NTU’s members were elated to see lawmakers come together in a bipartisan fashion last year in enacting a statutory codification of NTA’s version of the Taxpayer Bill of Rights, via the extenders legislation. But H.R. 1828, as well as other reforms being developed in the Senate Finance Committee (and discussed during an April markup) merits the Subcommittee’s attention. Among these was an amendment developed by Senators Grassley, Thune, and Cardin to tax identity theft legislation. Although it was authored prior to the extenders legislation’s codification of the Taxpayer Bill of Rights, the remainder of this amendment could still answer to many purposes under discussion in today’s hearing. Highly desirable elements include clarified lien notice filing procedures, expedited “hardship” relief for businesses subjected to levies, and a new consultation requirement that will ensure that the IRS bureaucracy seeks early, systematic input from the Taxpayer Advocate before new regulations are published.

Finally, I must remind the Subcommittee that there are still judicial areas to explore in the quest to improve taxpayer rights. Although the laws provided for certain exceptions, citizens still generally cannot enforce their rights in court until after they have been violated. Under Section 7421 of the Internal Revenue Code, no lawsuit can be brought by any person in any court for the purpose of restraining the assessment or collection of a tax, except under limited circumstances. The case law around the Anti-Injunction Act further impedes the ability to restrain the collection of the tax. Moreover, the Declaratory Relief Act, which allows citizens to file a suit that can persuade a court to declare their rights, indicates that the law applies “except with respect to federal taxes.” The Federal Tort Claims Act presents additional barriers to tax-related controversies.

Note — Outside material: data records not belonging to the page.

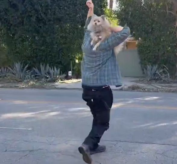콜빈이 오레오를 안고 기쁨의 환호성을 지르는 모습
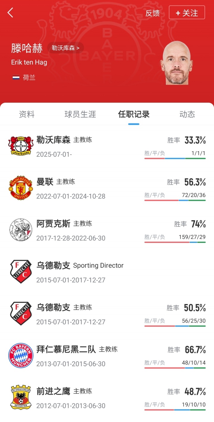 滕哈赫现年55岁,荷兰籍西宾。曾先后抓教前进之鹰、拜仁二队、乌得勒支、阿贾克斯、曼联以及勒沃库森。
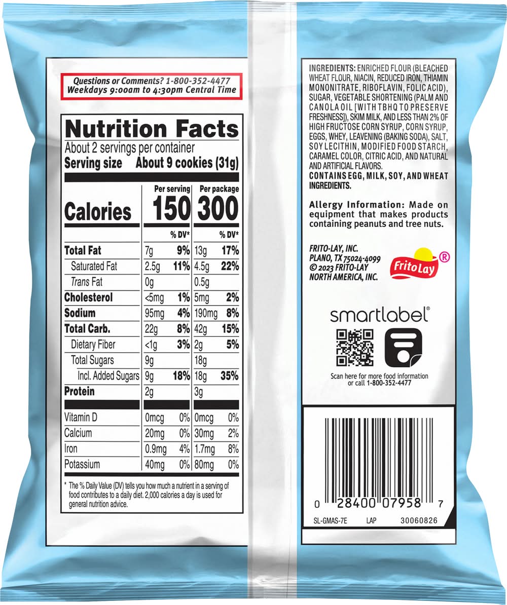 Ingredients: Enriched Flour (Bleached Wheat Flour, Niacin, Reduced Iron, Thiamin Mononitrate, Riboflavin, Folic Acid), Sugar, Vegetable Shortening (Palm and Canola Oil [with TBHQ to Preserve Freshness]), Skim Milk, and Less than 2% of High Fructose Corn Syrup, Corn Syrup, Eggs, Whey, Leavening (Baking Soda), Salt, Soy Lecithin, Modified Food Starch, Caramel Color, Citric Acid, and Natural and Artificial Flavors Contains: Wheat, Milk, Eggs, Soybeans, Peanuts, Tree Nuts

It is critical to move as many of these reforms as possible to the President’s desk quickly; they need not, and should not, languish until the next Congress.


Conclusion: Diverse Businesses, Common Concerns

Small business owners and self-employed individuals have varying reactions to the examination process, from relative calm, to annoyance, to great apprehension. I have even made the acquaintance of a writer – Stanley Rich – who staged a theater production parodying his own audit experience, entitled “Taxpayer! Taxpayer!”. But across this emotional gamut, there are substantive policy matters that both Congress and the Executive Branch should address now. Members of the Subcommittee should be at the center of this effort, and can have a tremendously positive influence on behalf of small business taxpayers. NTU’s staff and supporters stand ready to assist you.

I am most grateful to all of you for engaging in this hearing and for devoting so much attention to these lengthy remarks.